> **Problem requirements**
After locating the line with "Universal I/O module" in the data that follows, return it and every later line exactly, up to and including the line with "Please be informed".

> **Records for the task**
--*--

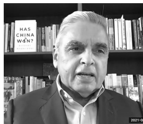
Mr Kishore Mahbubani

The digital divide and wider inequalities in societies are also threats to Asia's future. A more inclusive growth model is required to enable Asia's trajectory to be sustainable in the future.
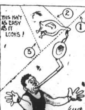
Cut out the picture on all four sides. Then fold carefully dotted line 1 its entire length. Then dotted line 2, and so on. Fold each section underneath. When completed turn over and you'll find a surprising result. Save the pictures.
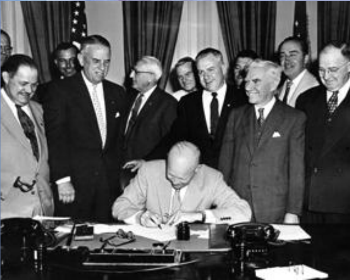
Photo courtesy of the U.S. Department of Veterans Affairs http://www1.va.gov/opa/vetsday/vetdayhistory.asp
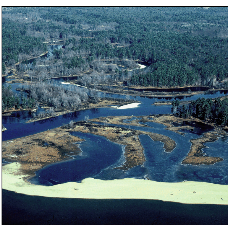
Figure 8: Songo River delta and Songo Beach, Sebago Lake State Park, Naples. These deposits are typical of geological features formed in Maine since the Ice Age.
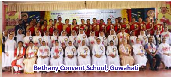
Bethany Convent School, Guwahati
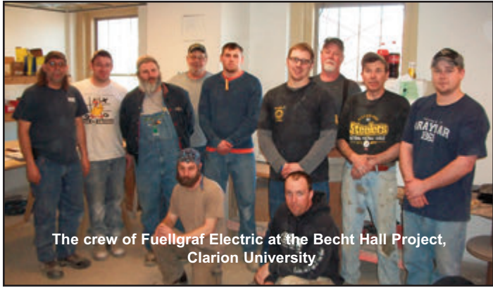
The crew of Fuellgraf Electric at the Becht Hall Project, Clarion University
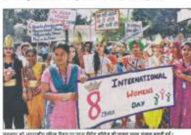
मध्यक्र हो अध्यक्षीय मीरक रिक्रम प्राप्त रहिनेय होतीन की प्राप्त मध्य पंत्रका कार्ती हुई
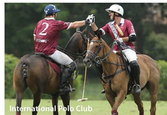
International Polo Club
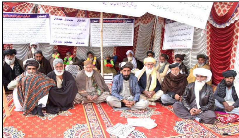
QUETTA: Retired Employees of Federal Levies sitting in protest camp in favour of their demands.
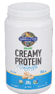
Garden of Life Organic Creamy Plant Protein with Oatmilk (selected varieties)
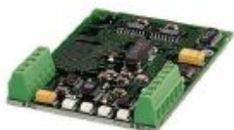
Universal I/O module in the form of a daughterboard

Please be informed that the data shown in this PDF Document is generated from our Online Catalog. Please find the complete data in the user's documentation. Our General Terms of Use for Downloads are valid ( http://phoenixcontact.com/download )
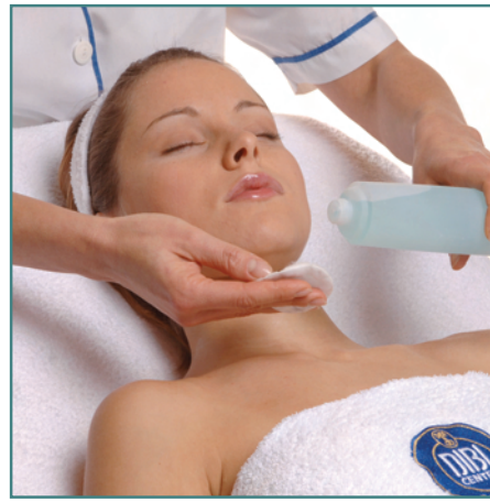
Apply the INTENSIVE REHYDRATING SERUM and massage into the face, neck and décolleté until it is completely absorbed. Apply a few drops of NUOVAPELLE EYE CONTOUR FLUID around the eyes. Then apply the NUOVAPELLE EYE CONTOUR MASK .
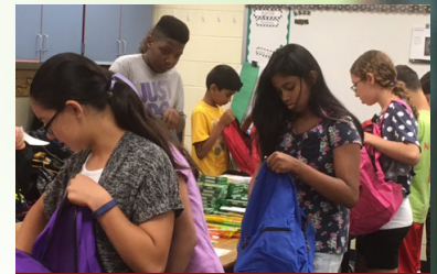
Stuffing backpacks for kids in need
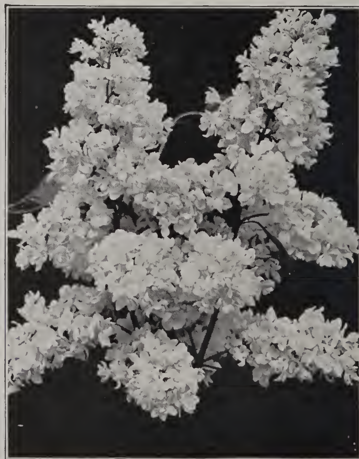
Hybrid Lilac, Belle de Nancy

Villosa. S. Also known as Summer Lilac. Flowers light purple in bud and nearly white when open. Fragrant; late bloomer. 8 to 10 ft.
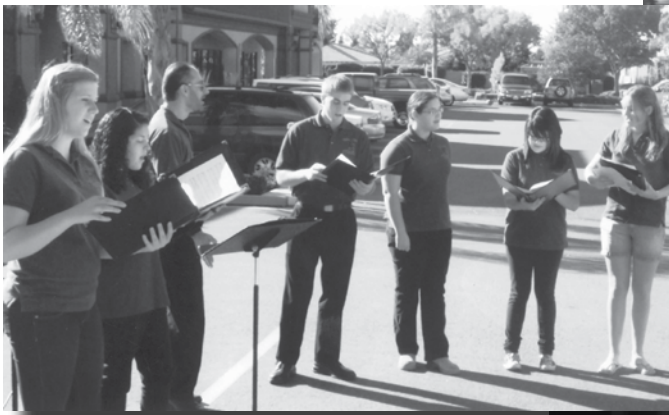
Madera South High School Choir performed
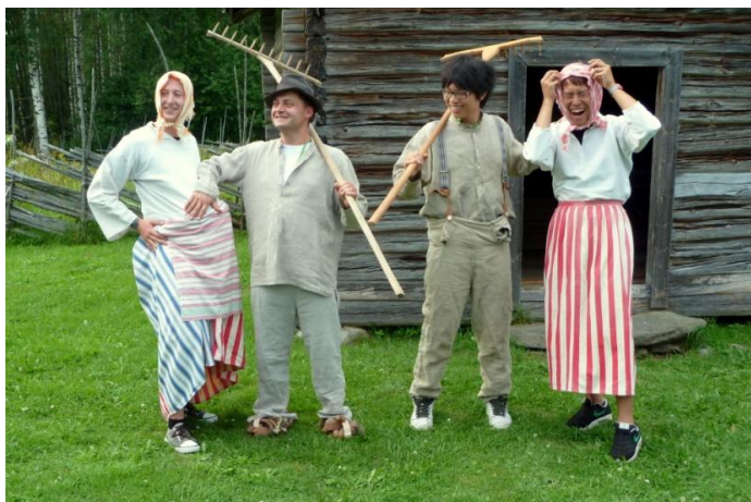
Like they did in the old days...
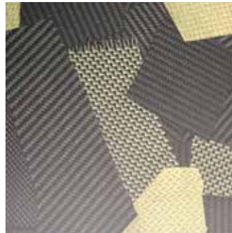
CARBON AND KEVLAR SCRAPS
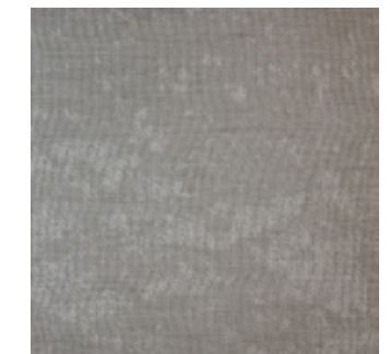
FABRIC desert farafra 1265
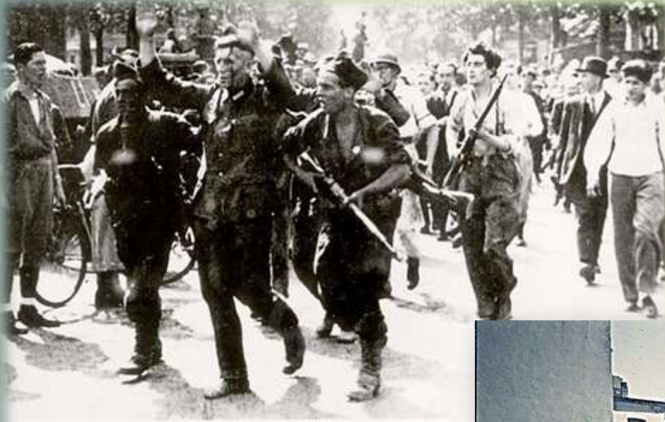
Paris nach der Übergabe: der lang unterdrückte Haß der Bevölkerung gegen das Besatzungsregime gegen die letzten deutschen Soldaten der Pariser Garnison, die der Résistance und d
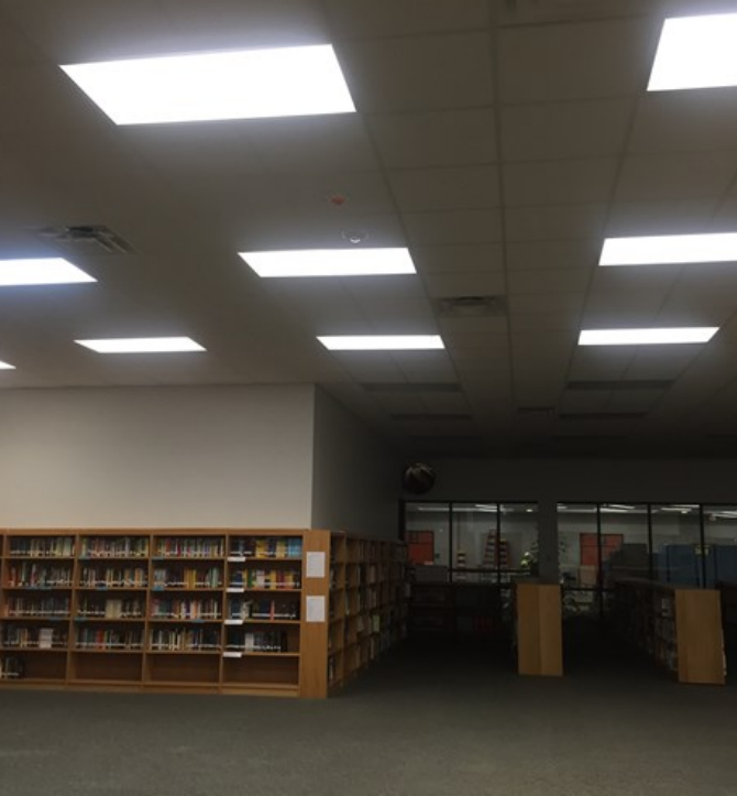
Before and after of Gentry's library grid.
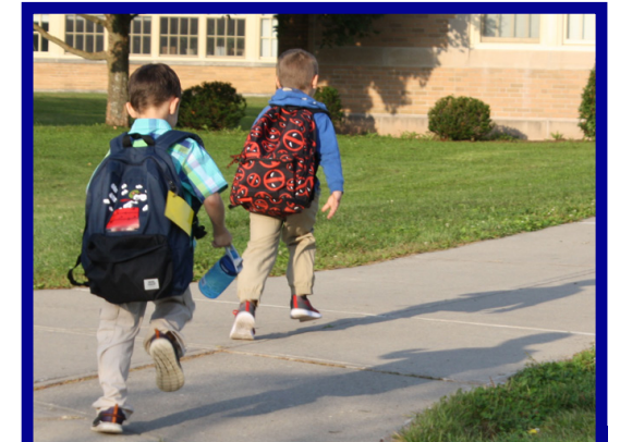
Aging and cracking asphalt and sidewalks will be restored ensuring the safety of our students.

--*--

> **The answer**
Universal I/O module in the form of a daughterboard

Please be informed that the data shown in this PDF Document is generated from our Online Catalog. Please find the complete data in the user's documentation. Our General Terms of Use for Downloads are valid ( http://phoenixcontact.com/download )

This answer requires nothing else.